La nueva legalización del divorcio, contra la oposición de la iglesia, hace 30 años, acabó con ese monopolio. Hoy se casan ante el altar los católicos practicantes y los no creyentes, ambos grupos bajo un denominador común: el deseo de hacer un bodorrio, de convertir la celebración religiosa en una colección de prominentes, de famosillos y famosillas. Para los sacerdotes convencidos de su ministerio, este hecho puede suponer una frustración, pero para sus superiores estas bodas son un buen negocio, pues también en las bodas existe lista de precios.

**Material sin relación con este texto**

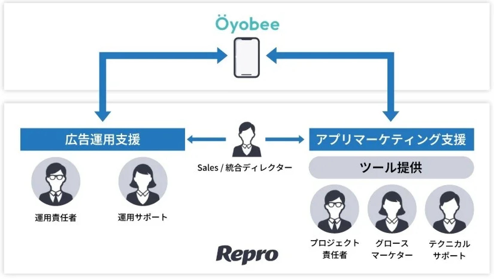 Reproでは、広告運用担当とアプリマーケティング担当をそれぞれ配置し、ユーザー獲得から利用促進、定着・収益化までを一貫してサポートしています。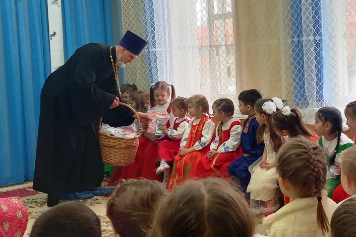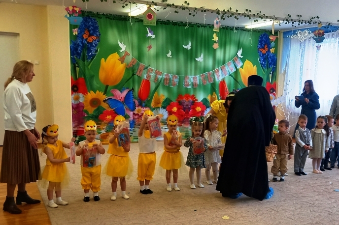 В завершение мероприятия отец Евгений обратился к детям и педагогам с теплыми словами благодарности за душевные выступления. Батюшка отметил талант и старания юных артистов, а также выразил признательность воспитателям за кропотливую работу по духовно‑нравственному воспитанию дошкольников.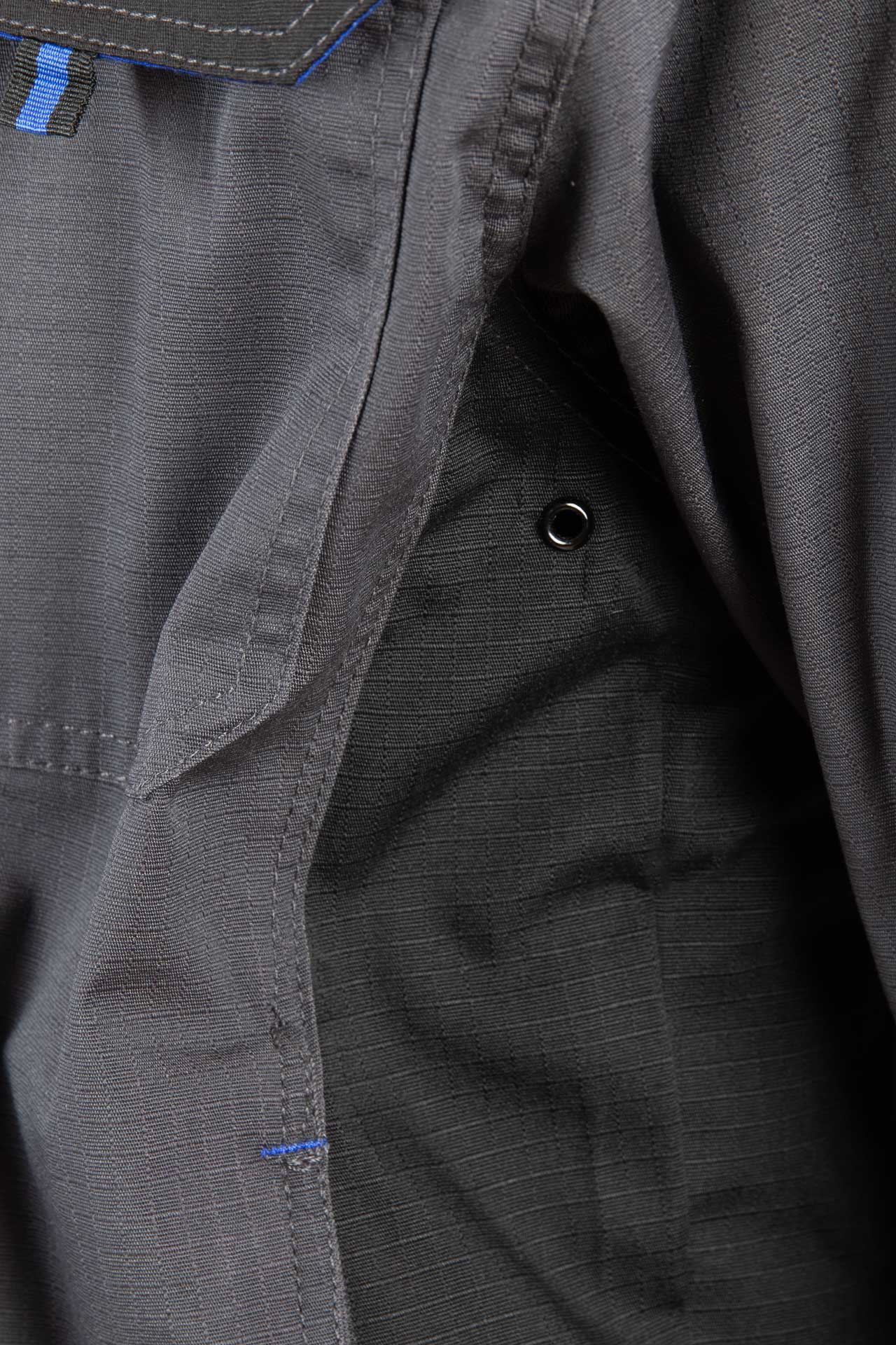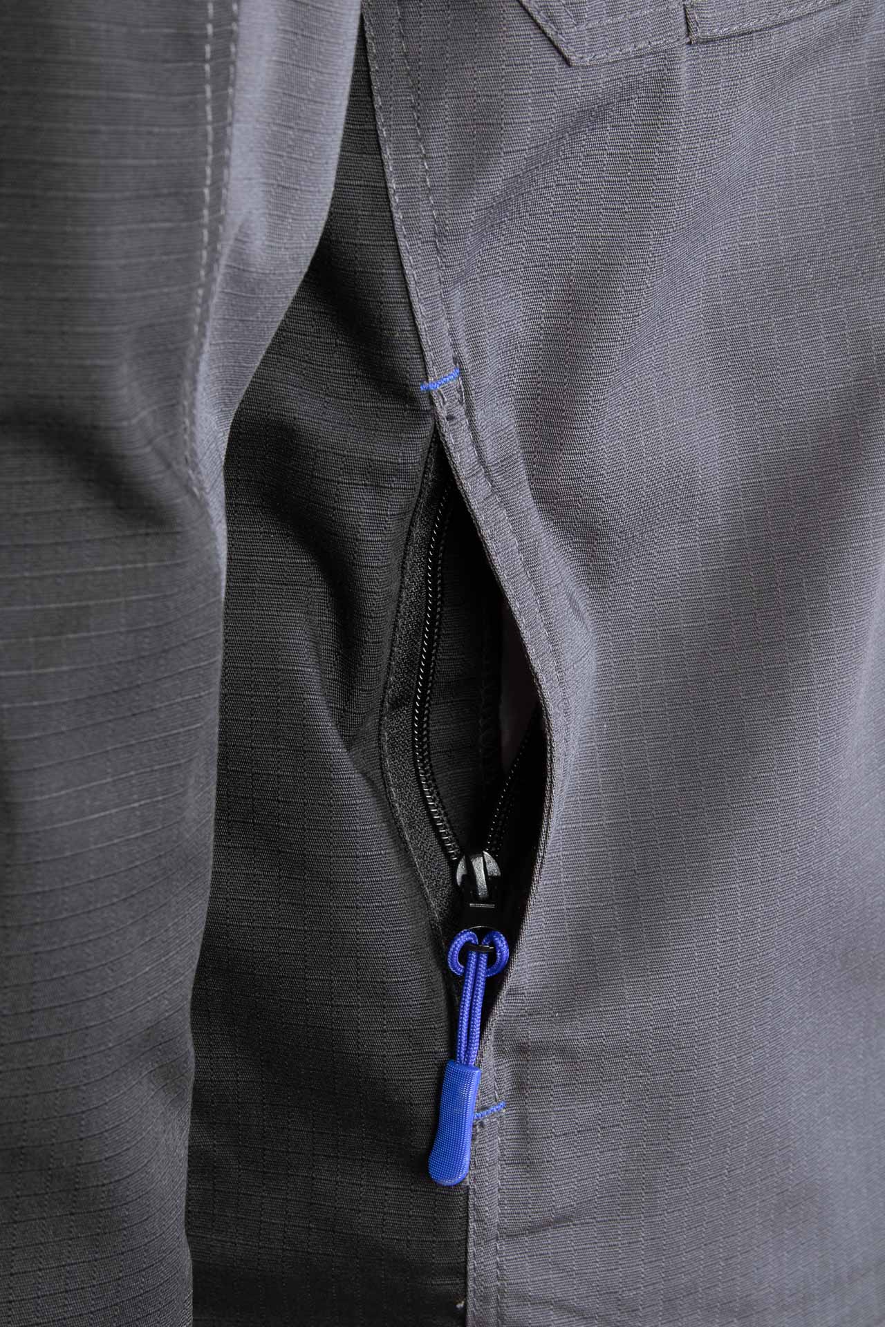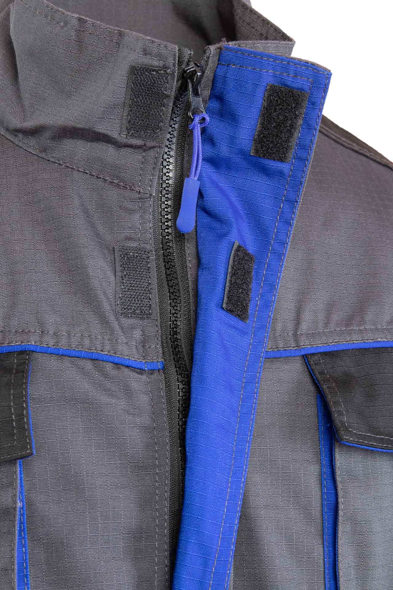 Bluza posiada funkcjonalny układ kieszeni, który ułatwia organizację narzędzi. Znajdziesz tu dwie górne kieszenie kryte listwą zapinaną na rzep, a także kieszeń na klatce piersiowej oraz dwie kieszenie boczne zapinane na zamek. Ten układ zwiększa funkcjonalność bluzy i poprawia komfort pracy.

El divorcio es una buena institución. Libra a una pareja, que se equivocó, de la tortura de tener que convivir en insalvable disparidad de caracteres. Pero, desgraciadamente, el divorcio también se presta a abusos, desemboca en la frivolidad, sobre todo en el mundo del espectáculo, donde no es una excepción que él o ella se conviertan en “divorciados en serie”, lo cual aumenta la popularidad. El matrimonio, sea civil o eclesiástico, se aprende con el tiempo. Se puede convivir 50 años con una persona, y no llegar a conocerla completamente, pues todos tenemos, más profunda que la intimidad de la pareja, nuestra propia intimidad, que debe ser respetada.
Si una pareja se casa y se divorcia después de un par de años, o de menos, es que no estaba madura para una vida en común o su relación era demasiado superficial para ser marido y mujer. Una cosa buena tiene el divorcio: no sólo ahorra constantes disgustos, también ahorra muchos cuernos.